There is much which comes to the fore in regard to the period eg the waste and destruction as the parties of trappers even in groups as small as 3 wonder the countryside and simply kill a Bison Cow for a meal and then discard it, or just take the tongue to eat. Incredible disregard for nature is shown at times. The trapper is in continual fear of Blackfoot war parties who harrass them, both white and Indian, constantly. In one instance an enormous group of Blackfeet, thought to number up to 1000 or more by Russell, attempt to eradicate the entire group of Bridger's trappers, about 100. They decide not to due to an unfavourable (omen) display of Northern lights. Even in his day as the story nears the end of the 9 years Russell tells of the scarcity of Buffalo which were not wiped out in total until 1870 or so (80 million -> 1000). Its almost as if it comes upon them suddenly, "5 years ago thousands crossed the valleys of the Yellowstone, now its hard to find any". Russell even becomes a little conservationist in spirit when he states that maybe its time for the white man to leave this country because the wildlife has been so denuded.

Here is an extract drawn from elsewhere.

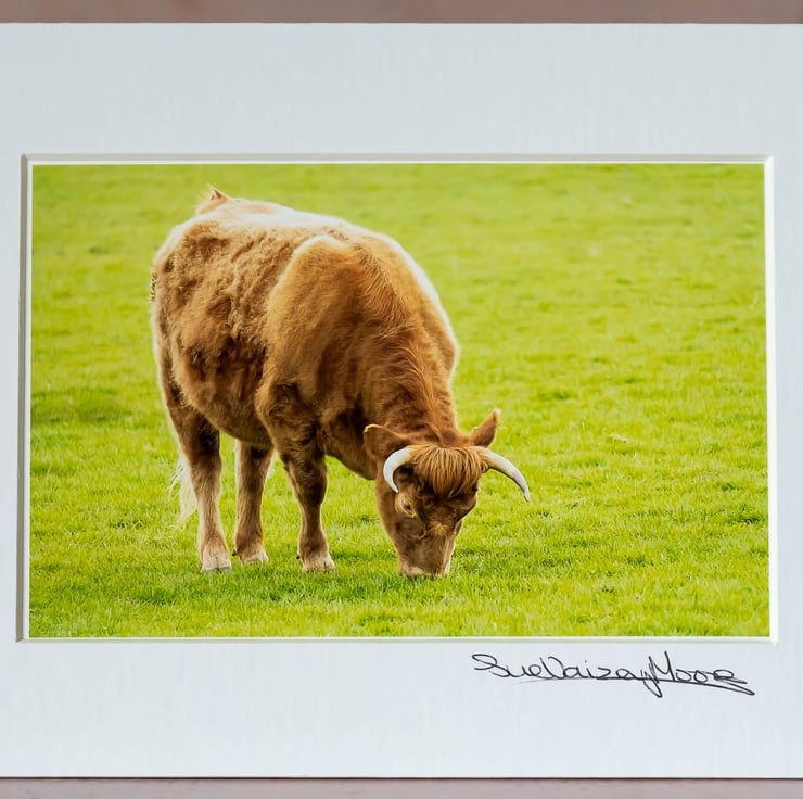 Original 4x6 mounted photograph of a cow grazing in the sunshine. I took the photo on 08/04/21 at Woodoaks Farm in Hertfordshire.

An interesting book but with far too few passages describing the trapper's feeling along the way.

Rating: 5 stars
Summary: Journal of a Trapper
Review: This is by far one of the best books that a fur trade re-enactor can read. It is also a must read for the modern beaver trapper as well. Osborne describes the everyday events of the fur brigades in their heyday. If you are a buckskinner, living historian, trapper or just an old west history buff then this is a MUST have!

Rating: 5 stars
Summary: A must read history of the Rocky Mtn. fur trade/exploration!
Review: This is one of the my favorite books. The writer was not only a tough grizzled mountain man but a pretty good writer considering he kept a 12 year journal while travelling around the West fighting indians and trapping beaver.

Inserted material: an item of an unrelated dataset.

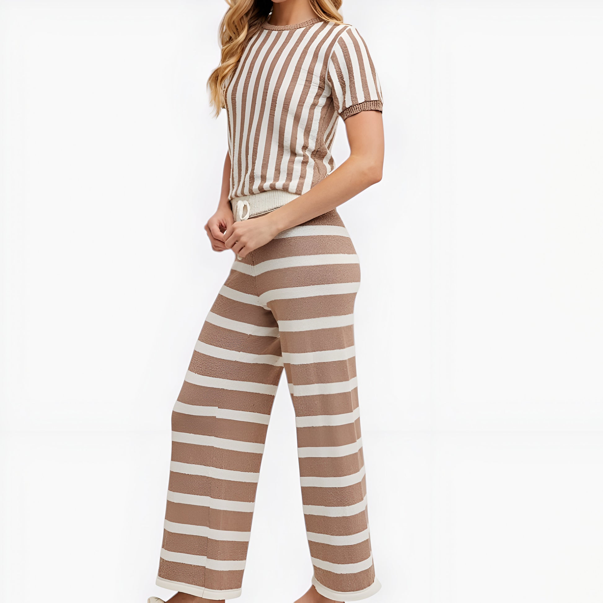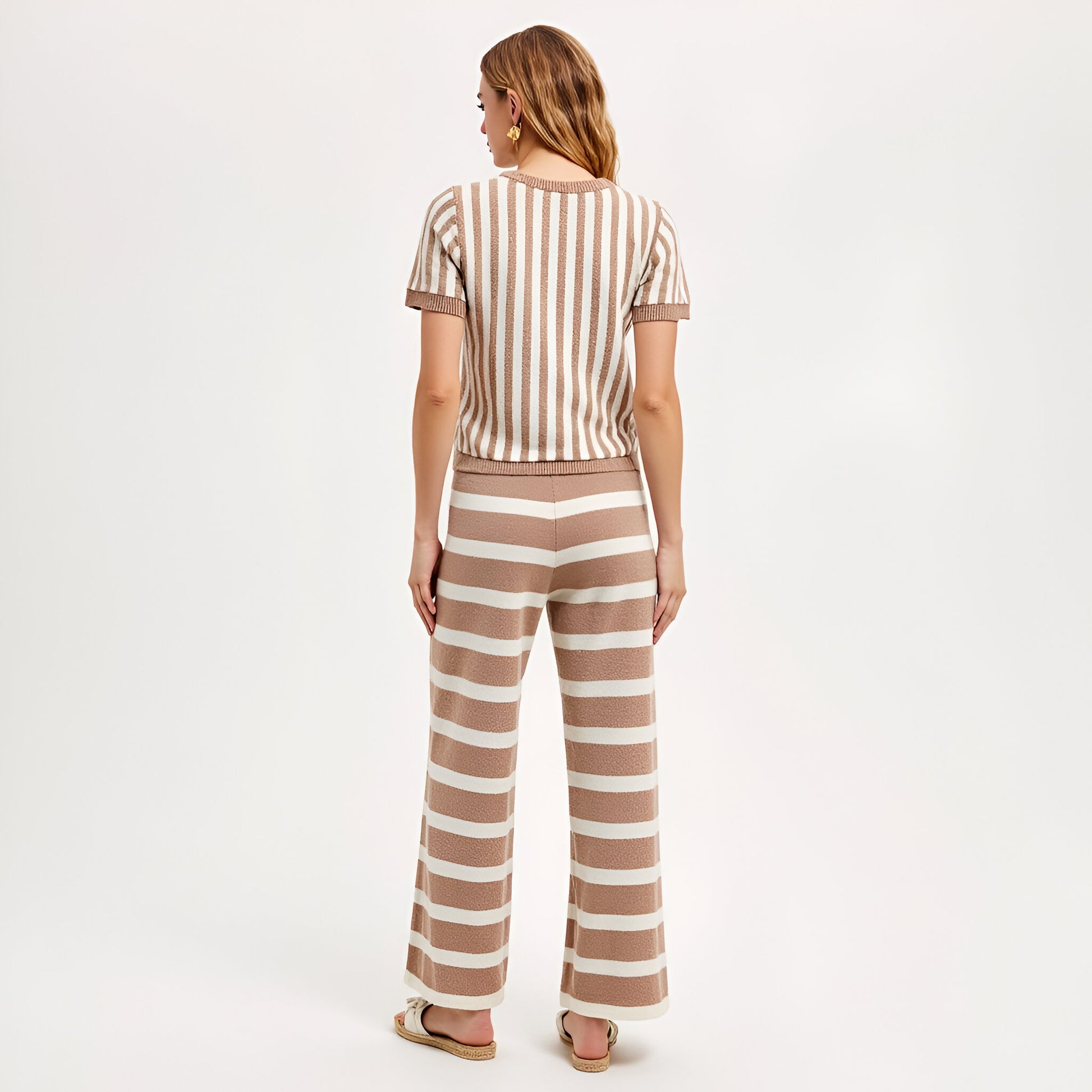 A coordinated lounge set with a playful twist, this duo features a short sleeve crewneck knit top and matching wide leg pants, both in bold two-tone stripes. The pants have a relaxed fit and an adjustable drawstring waist for comfort, making the set perfect for cozy days or casual outings. Soft, stretchy fabric ensures an easy, effortless feel all day. Mix and match each piece for versatile styling options.

We took the book and went to Yellowstone and retraced the route of 1 year of the dairy. The writing is so discriptive, we could actually follow his route by landmarks. It was the best vacation we ever took.

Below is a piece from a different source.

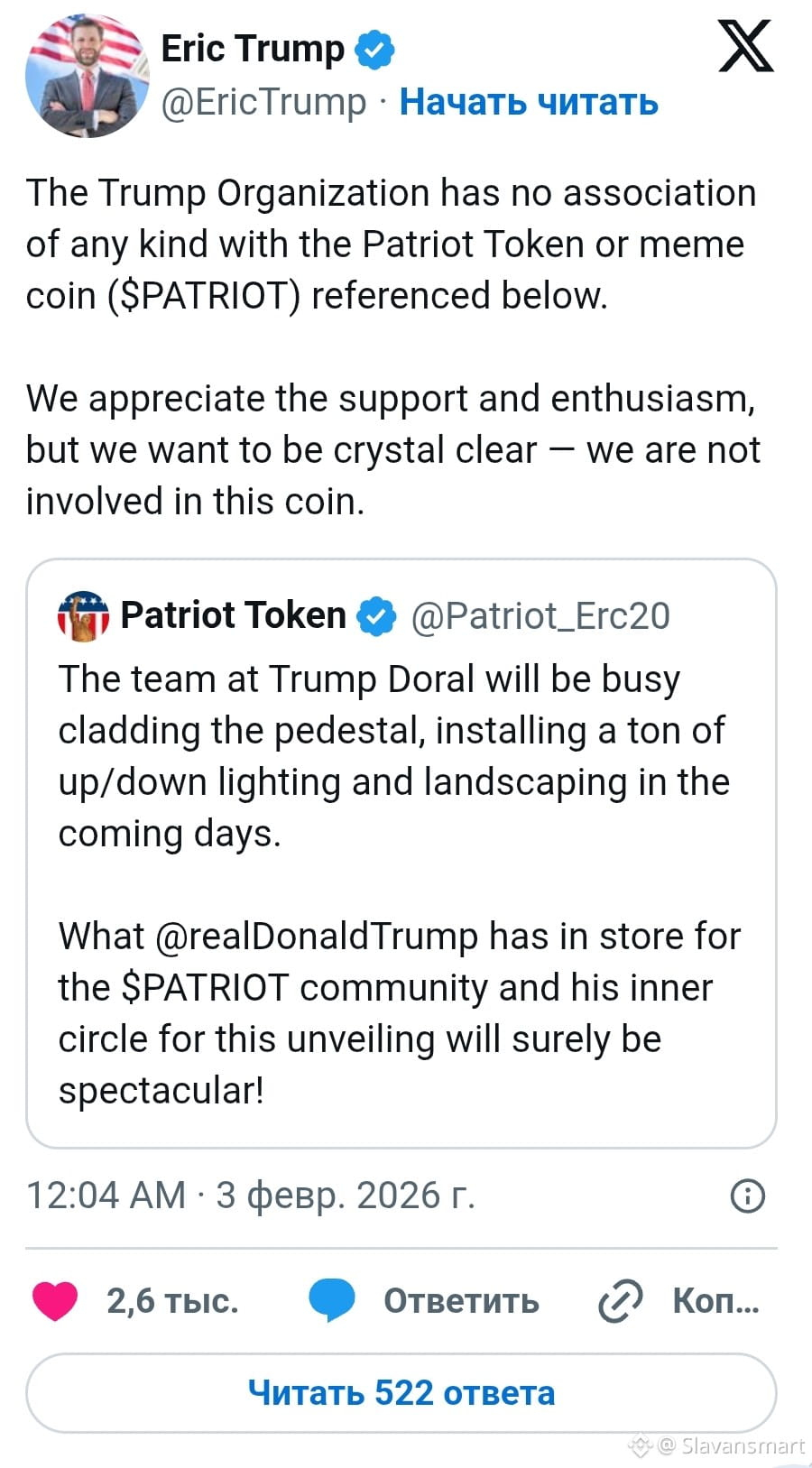 Эрик Трамп прямо ответил, заявив, что Trump Organization "не имеет никакой связи" с Patriot Token или мем-монетой, упомянутой в интернете. Признавая общественный интерес и энтузиазм, он ясно дал понять, что ни компания, ни семья Трампов никак не участвуют в проекте.

This book is a must for western history buffs!

Rating: 5 stars
Summary: A National Treasure
Review: Those are bold words for the title of a review, but they are aptly deserved here with Mr. Russell's gift to our American Heritage. A first-person account of experiences in a era long gone, a time in our history seeking to fathom a new land, a time of growing clash between fundamentally different cultures... and Mr. Russell puts you right there on the frontline. You join him at the beginning of his new livelihood in the unknown, and you stay with him, growing in experience and weathering within the raw western realm. The writing is often crude, but his thoughts are hardly so and the total package bursts forth as a true rarity in literature. I consider this journal to be an equal to the recordings of Lewis and Clark, and practically moreso given the fact that it is really the efforts of a lone individual. He was not paid to keep this record, and although he always hoped to see it published, it did not go to print until long after his death, and then only first released in a limit of 100 copies. Aubrey Haines does great tribute to this admirable man by undertaking the task of retracing Mr. Russell's journies and providing us with the maps needed to help us follow him. Working from the original handwritten manuscript housed in The William Robertson Coe Collection of Western Americana at Yale University, Mr. Haines' efforts represent the single most important element in getting this work to the people, and he has done us a great service here in preventing this journal from drifting into obscurity. If you are curious as to what a life was like in a land before McDonalds, MTV, shopping malls, and SuperBowl Sundays, then I suggest you pick up a copy of this jewel and park yourself along with Mr. Russell next to that campfire with its golden sparks wafting up toward that diamond-studded yonder. You will be all the better for it.